将正确的参数传递给 strtok

Question

I have this string that I'm trying to delimit with strtok() :

"+ 2 3\\nln 9\\ln 10"

And then I'm passing \\n as a delimiter

    token = strtok(argv, "\\n");

    while (token)
    {
            args[index] = token;
            token = strtok(NULL, "\\n");
            index++;
    }

First element in my args table is + 2 3 ,which is great, however, the second one is l . Does anyone understand why? If so, how do I get my ln 9 in my args table?

Answer 1

From strtok() manpage :

The delim argument specifies a set of bytes that delimit the tokens in the parsed string. The caller may specify different strings in delim in successive calls that parse the same string.

So, in your code, "\\n" is not a full string delimiter. You are just saying to strtok that the delimiter is either '\' (because of the double backspace escaping) or 'n' .

The tokens of your string, "+ 2 3\\nln 9\\ln 10" will be:

1. "+ 2 3"
2. empty string between \ and \ (strtok doesn't present it)
3. empty between \ and n (strtok doesn't present it)
4. "l"
5. " 9"
6. empty string between \ and \ (strtok doesn't present it)
7. "l"
8. " 10"

In order to perform what you are trying to do, strtok is not the best choice.
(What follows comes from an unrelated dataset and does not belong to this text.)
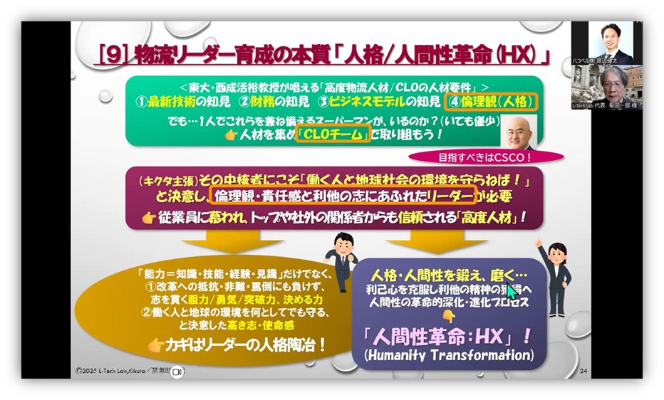 国交省が考える高度物流人材とは、データ活用力、サプライチェーンの管理能力、社会変化への対応力などを持った人物です。しかし、知識・技能・経験だけでは十分とは言えません。問われるのは「人間力」ではないでしょうか。東大の西成活裕教授も、高度物流人財/CLOの要件は「最新技術の知見」「財務の知見」「ビジネスモデルの知見」「倫理観(人格)」であり、チームで取り組むべきだと主張しています。

I would probably write my own parsering function

1. Finding "\\n" occurrences in original string using strstr()
2. Either copying the previous string to some output string or null terminating it in place

Answer 2

I completely agree with above answer and suggestions by Roberto and Gerhardh.

In case if you are fine with custom implementation of strtok for multiple delimeter, you can use below working solution.

char *strtokm(char *str, const char *delim)
{
    static char *tok;
    static char *next;
    char *m;

    if (delim == NULL) return NULL;

    tok = (str) ? str : next;
    if (tok == NULL) return NULL;

    m = strstr(tok, delim);

    if (m) {
        next = m + strlen(delim);
        *m = '\0';
    } else {
        next = NULL;
    }

    return tok;
}